Aerobic respiratory costs of swimming in the negatively buoyant brief squid Lolliguncula brevis

Ian K. Bartol^1,*, Roger Mann² and Mark R. Patterson²

¹ Department of Organismic Biology, Ecology, and Evolution, 621 Charles E. Young Drive South, University of California, Los Angeles, CA 90095-1606, USA and
² School of Marine Science, Virginia Institute of Marine Science, College of William and Mary, Gloucester Point, VA 23062-1346, USA

*e-mail: ikbartol{at}lifesci.ucla.edu

Accepted August 6, 2001

Because of the inherent inefficiency of jet propulsion, squid are considered to be at a competitive disadvantage compared with fishes, which generally depend on forms of undulatory/oscillatory locomotion. Some squid, such as the brief squid Lolliguncula brevis, swim at low speeds in shallow-water complex environments, relying heavily on fin activity. Consequently, their swimming costs may be lower than those of the faster, more pelagic squid studied previously and competitive with those of ecologically relevant fishes. To examine aerobic respiratory swimming costs, O₂ consumption rates were measured for L. brevis of various sizes (2–9 cm dorsal mantle length, DML) swimming over a range of speeds (3–30 cm s^–1) in swim tunnel respirometers, while their behavior was videotaped. Using kinematic data from swimming squid and force data from models, power curves were also generated. Many squid demonstrated partial (J-shaped) or full (U-shaped) parabolic patterns of O₂ consumption rate as a function of swimming speed, with O₂ consumption minima at 0.5–1.5 DML s^–1. Power curves derived from hydrodynamic data plotted as a function of swimming speed were also parabolic, with power minima at 1.2–1.7 DML s^–1. The parabolic relationship between O₂ consumption rate/power and speed, which is also found in aerial flyers such as birds, bats and insects but rarely in aquatic swimmers because of the difficulties associated with low-speed respirometry, is the result of the high cost of generating lift and maintaining stability at low speeds and overcoming drag at high speeds.

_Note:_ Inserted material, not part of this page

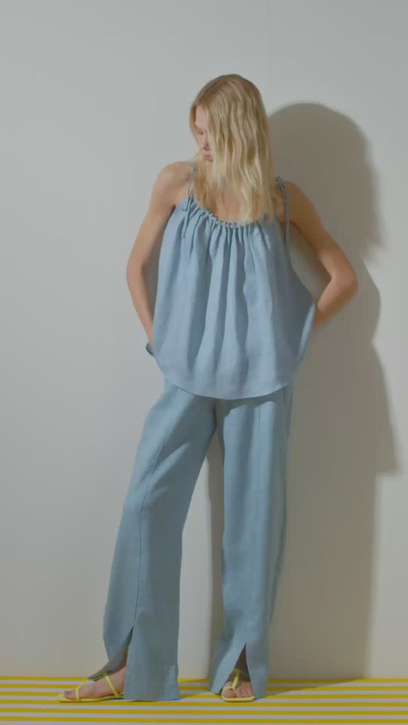 A calça Linho Detalhe Vivo Lateral Fenda Frente combina estrutura e leveza em um modelo que traduz a elegância natural do linho. Com modelagem ampla e fenda frontal, a peça apresenta um caimento fluido que alonga a silhueta, enquanto o detalhe de vivo nas laterais adiciona sofisticação e movimento. O tom de azul suave expressa a serenidade e o frescor da coleção Jardin de Nuit, criando um equilíbrio entre o essencial e o contemporâneo.
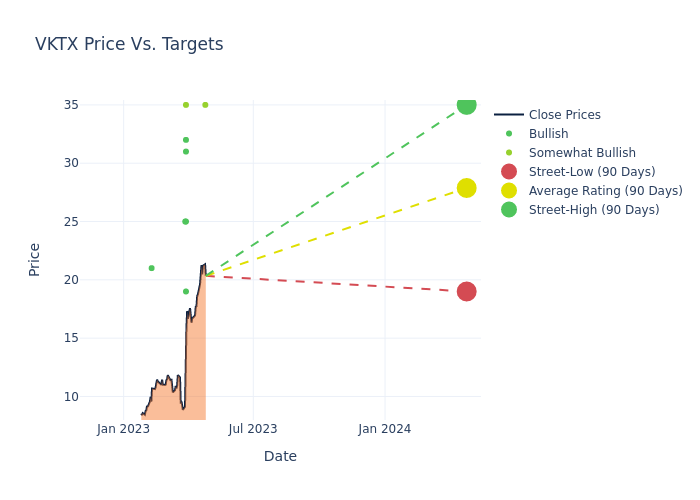 These 11 analysts have an average price target of $26.09 versus the current price of Viking Therapeutics at $20.34, implying upside.

L. brevis has a lower rate of O₂ consumption than the squid Illex illecebrosus and Loligo opalescens studied in swim tunnel respirometers and is energetically competitive (especially at O₂ consumption minima) with fishes, such as striped bass, mullet and flounder. Therefore, the results of this study indicate that, like aerial flyers, some negatively buoyant nekton have parabolic patterns of O₂ consumption rate/power as a function of speed and that certain shallow-water squid using considerable fin activity have swimming costs that are competitive with those of ecologically relevant fishes.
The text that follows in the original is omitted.